TASK STATEMENT. Among the entries below, find the line with "Businesswoman talking on" and the line with "保温性に優れた起毛ポリエステ". Return exactly those lines and every line between them, but no pictures.
── EXCERPTED DATA ──
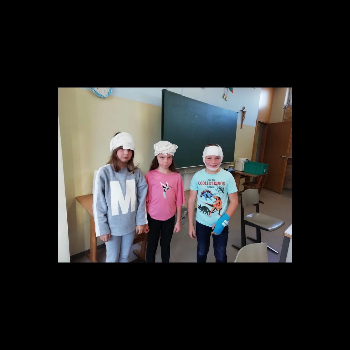 Dabei lernen die Kinder, wie sie sich im Notfall verhalten sollen. Es wurde der Notruf geübt, verschiedene Verbände angelegt, Anzeichen von verschiedenen Erkrankungen aufgezeigt, die stabile Seitenlage erlernt und gegenseitig angewendet und auch Regeln zur Unfallverhütung gelernt. Mit großem Interesse und Begeisterung machten die Kinder bei allen Übungen und Theoriethemen mit. In insgesamt 8 Doppelstunden wurden sie durch eine Erste-Hilfe-Ausbilderin unterrichtet.
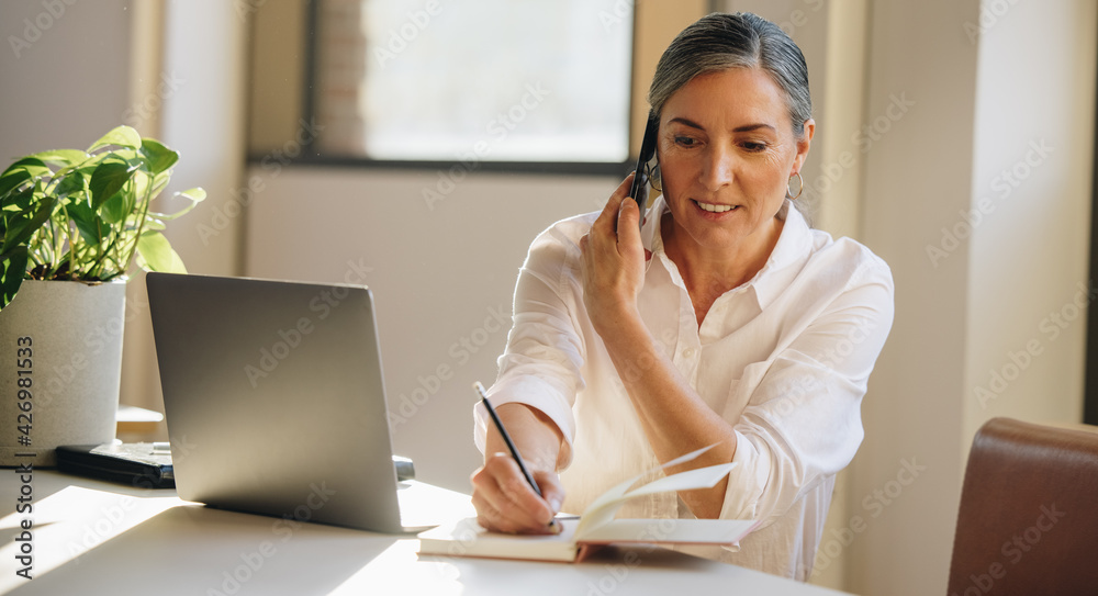 Businesswoman talking on cell phone and taking notes in office
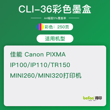 得印CLI-36彩色墨盒 适用佳能Canon PIXMA IP100 IP110 TR150 MINI260 MINI320便携式打印机墨盒
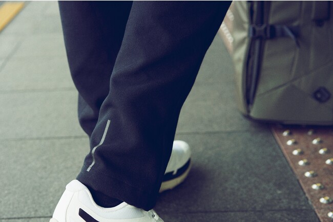 保温性に優れた起毛ポリエステル素材を採用したデザインパンツ。大容量ポケット内部には抗菌加工素材のインナーポケットを配置。ワイド目なシルエットでありながら、裾にアジャスター、反射プリントを搭載することにより、アーバンシーンのみならず、自転車などのアクティブシーンでも活躍する一着。
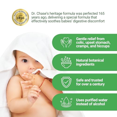 - COLIC RELIEF FOR NEWBORNS: Colic is physically and emotionally frustrating for babies and their parents. Our formula is based on a natural old-time English remedy that has given children and infants safe, effective and fast gas relief for over a century, CALMING GRIPE WATER FOR INFANTS: Dr. Chase Kolik Gripe Water provides comfort and relief to baby colic, gas, upset stomach, cramps, and hiccups; Formulated with anti-gas and stomach calming properties to ease fussiness, SAFE & EFFECTIVE BABY SUPPLIES: Our alcohol-free infant gas relief formula uses purified water instead of alcohol to extract stomach-calming properties from fennel seeds, EASY TO ADMINISTER: Shake well before each use; Gripe water is an oral suspension, correct dosage should be applied by dropper or syringe into your babys mouth or in an empty bottle, A TRADITION OF CARING: The Chase tradition of caring for children goes back to 1856, when the respected Dr. A.W. Chase cared for his patients and delivered over 3,000 healthy babies
───
THE COMPLETED TASK.
 Businesswoman talking on cell phone and taking notes in office
 得印CLI-36彩色墨盒 适用佳能Canon PIXMA IP100 IP110 TR150 MINI260 MINI320便携式打印机墨盒
 保温性に優れた起毛ポリエステル素材を採用したデザインパンツ。大容量ポケット内部には抗菌加工素材のインナーポケットを配置。ワイド目なシルエットでありながら、裾にアジャスター、反射プリントを搭載することにより、アーバンシーンのみならず、自転車などのアクティブシーンでも活躍する一着。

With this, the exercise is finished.